# Brandunsgrute Empfehlungen



## brandungsteufel (5. Juni 2015)

Hallo Zusammen,

hatte ja schon oben im Thread Brandungsruten/Rollen angefragt denke aber die Frage war zu allgemein. Deshalb konkretisiere ich mal meine Wünsche. Folgen Ruten konnte ich bei meinen Recherchen finden. Mich würden eure Meinung dazu interessieren. Welcher wäre euer Favorit?


Mitchell MAG PRO Elite

http://www.mitchell-fishing.de/cata...ruten,984/mag-pro-elite-surfcasting,8610.html

Cormoran SEACOR COMPETITION PRO

http://www.cormoran.de/co/de/produk...62,63,1,1__products-model.htm?ovs_prdrows2=10

Daiwa Windcast S
Gibt es bei Daiwa nicht mehr auf der Webseite


Dega Conquest Surf / Instructor
Hab dazu aber gelesen das ein ganz billiger Rollenhalter verbaut sein soll der Stress macht, wenn dem so ist fällt die raus. Gilt gleiches auf für die Surf Instructor?

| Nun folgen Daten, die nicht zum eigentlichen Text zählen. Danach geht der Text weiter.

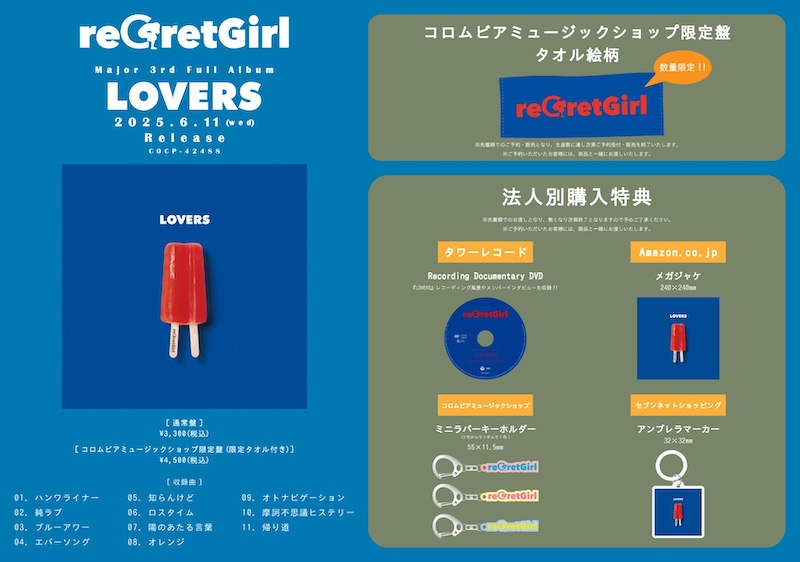 reGretGirlは今年で結成10周年を迎え、6月11日には約2年ぶりとなるメジャー3rdフルアルバム『LOVERS』をリリースした。6月19日からは初の東名阪ホール公演を含む自身最大規模のワンマンツアー<reGretGirl presents ONEMAN TOUR 2025”for LOVERS>を、全国25カ所にて開催中。詳しくはreGretGirl公式HPをチェックして欲しい。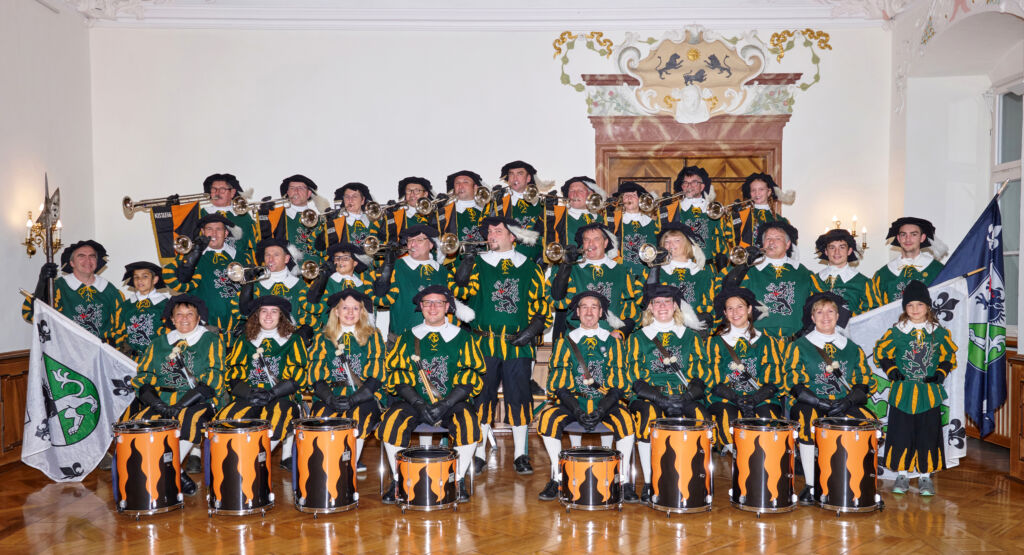 1969 wurde die zweite Uniform beschafft. Der Fanfarenzug und das Repertoire wurden erweitert, auch durch Eigenkompositionen, und 1971 wurde schließlich die jetzige Uniform angeschafft. Die Hose ist in den Farben Kolpings schwarz-orange, das Wams in grün für Kißlegg und auf dem Brustteil ist das Kißlegger Wappentier, der Greif, aufgestickt. Wir tragen Landsknechts-Uniformen im Stil des 15. Jahrhunderts.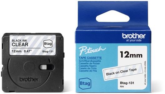 Originele Brother Btag-131 tapecassette met niet-gelamineerde, transparante labeltape en zwarte tekst voor het maken van labels van 12 mm breedte.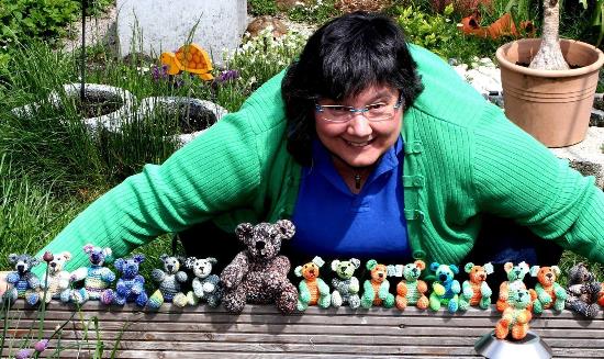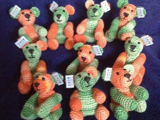 Zur gleichen Zeit hatte mich ein ehemaliger Klassenkamerad über Facebook angeschrieben. Er hatte die ersten Fotos meiner Bären gesehen und bestellte spontan gleich 10 Stück. Er hat eine Firma und möchte die Bären gerne in den Firmenfarben, natürlich für den guten Zweck verlosen. Ich freute mich, aber mir wurde immer mehr bewusst, dass ich alleine mit der Produktion überfordert bin, da jeder Bär seine Herstellungszeit braucht. Sie sind ja alle mit Sorgfalt gemacht und jeder ein Unikat. Keiner wird gleich, selbst wenn sie aus der gleichen Wolle gehäkelt sind. Ich marschierte los Wolle und Füllmaterial besorgen und sprach meine Schwägerin an und hoffte auf Hilfe. Natürlich fragte ich auch Freundinnen und meine Töchter. Inzwischen häkeln wir zu sechst und ich bin sehr stolz darauf, dass meine Aktion so angenommen wird. Jeder ist mit Freude dabei.

Quantum Surf Detector / World Champion IV

Ich habe auch bei Shimano geschaut, da konnte ich aber nichts unter 250 € finden.

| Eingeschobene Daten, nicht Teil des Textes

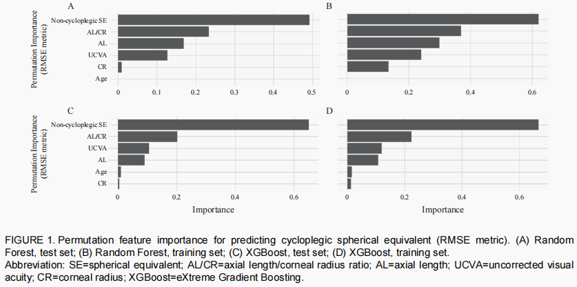 通過置換特征重要性分析,兩種機(jī)器學(xué)習(xí)模型均識(shí)別出一致的關(guān)鍵預(yù)測因子。如圖1所示,在測試集中,對(duì)隨機(jī)森林模型最重要的四個(gè)特征依次是非睫狀肌麻痹等效球鏡、眼軸長度/角膜曲率半徑比值、眼軸長度和裸眼視力;XGBoost模型的特征重要性排序與此完全一致。在訓(xùn)練集中,這一排序也保持穩(wěn)定。角膜曲率半徑和年齡這兩個(gè)變量雖然也被納入模型,但其相對(duì)重要性顯著低于前四個(gè)核心預(yù)測因子。這一結(jié)果凸顯了結(jié)合屈光度和生物測量參數(shù)進(jìn)行綜合預(yù)測的價(jià)值。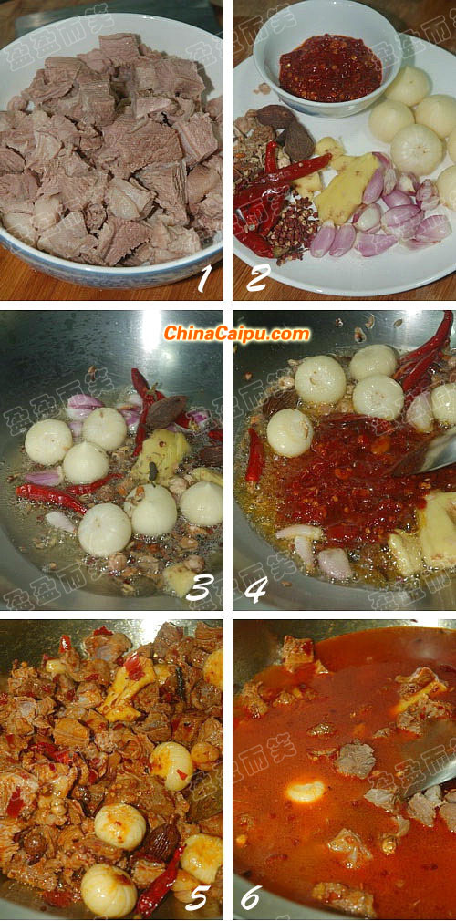 1、牛肉切稍大块,氽水后捞起,改刀小块,煮牛肉的汤不要倒掉,放一边,撇去浮沫后备用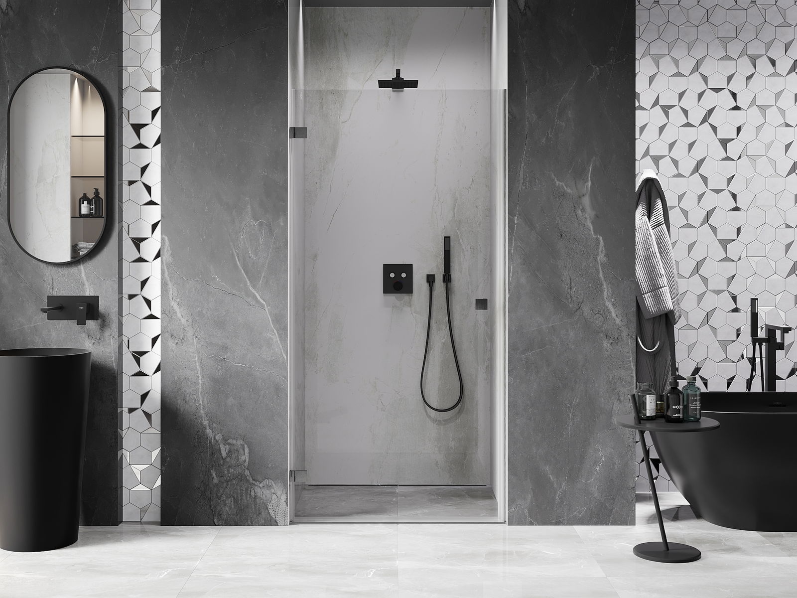 D'Klameren sinn aus ganz haltbarem Messengemach, an doduerch bilden se eng gläichflächen Zeil vu Glas. Et ass eng exzellent Wiel déi Eleganz, Haltbarkeet an modernen Design verbënnt. Mat esou Léisungen kritt d'Dusch un Ästhetik, an gleichzeitig erliichtert et d'Botzen.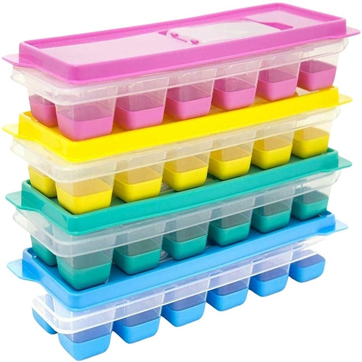 7. This ice cube tray comes with a lid, a scoop, and an ice bin in the bottom, making it ideal for summer drinks!

Zu einigen der oben aufgeführten Ruten konnte ich auch Test finden und denke das keine der Ruten schlecht ist. Da ich aber denke das der eine oder andere eine von den Ruten besitzt bin ich auf das Feedback gespannt. Wie bereits schon geschrieben gibt es bei uns keinen Händler der eine gute Auswahl an Ruten hat.

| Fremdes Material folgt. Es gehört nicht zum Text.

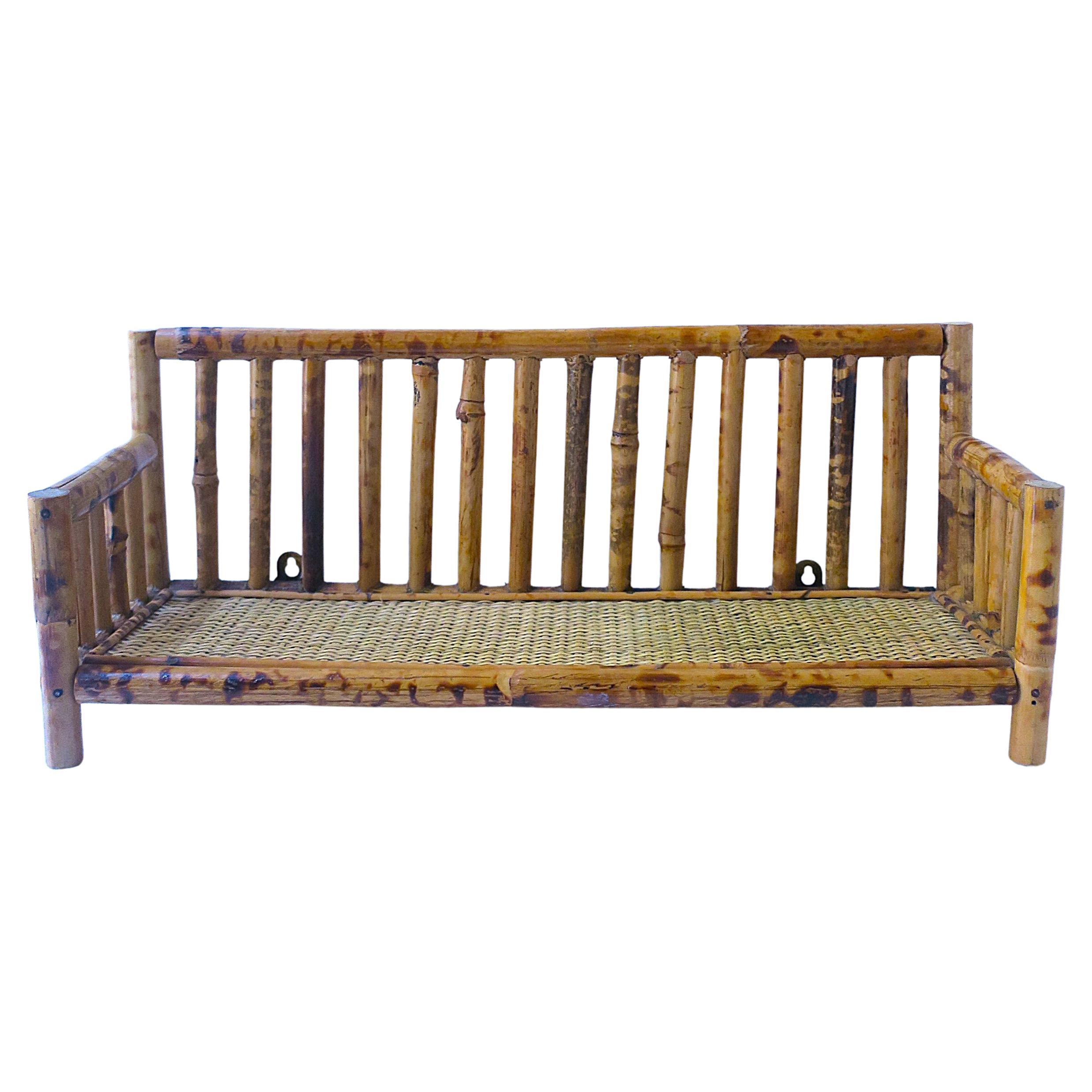 Wunderschönes großes organisches Mid-Century-Wandregal, komplett aus Bambus, Rattan und handgeflochtener Weide. Dieses atemberaubende Stück wurde wahrscheinlich in den 1970er Jahren ...

Ich bin eigentlich nur an der Nordsee in der Brandung und eine Rute um 425cm ist für mich ideal von Handling her.

Nehme aber auch gerne weiter Vorschläge entgegen. Bin bei meinen Recherchen aber auch über Pontos, Grauvel und co. gestoßen hier sind die Preise aber ganz schön gesalzen 


Danke & viele Grüße
Brandunsgteufel


----------



## Ra.T (5. Juni 2015)

*AW: Brandunsgrute Empfehlungen*

Hallo...,
habe 2 von den Cormoran Ruten.
Der Test von Boedchen ist schon ziemlich wahrheitsgemäß geschrieben. Es sind auch kene Schwabbelstöcke.
Für den aktuellen Preis ca. 170€ das Stück sind es sehr gute Ruten.

Nur eines noch: Die Ruten laden sich sehr stark auf und billige Vorfächer reissen dir beim Einwerfen einfach durch, da die Spannung zu groß wird. Also wenn du sie nimmst, dann must du zwangsläufig auch stabilere Vorfächer basteln oder kaufen.
Billige werden dir, wenn du richtig durchziehst, sofort zerreißen.
mfg
Ralf


----------



## brandungsteufel (5. Juni 2015)

*AW: Brandunsgrute Empfehlungen*

Hi Ra.T,

habe den Test und meine auch das Video zu der Rute gesehen. Wenn ich Zeit habe mache ich die Vorfächer mit Amnesia selbst, ansonsten greife ich auf die Dega Surf Vorfächer zurück. 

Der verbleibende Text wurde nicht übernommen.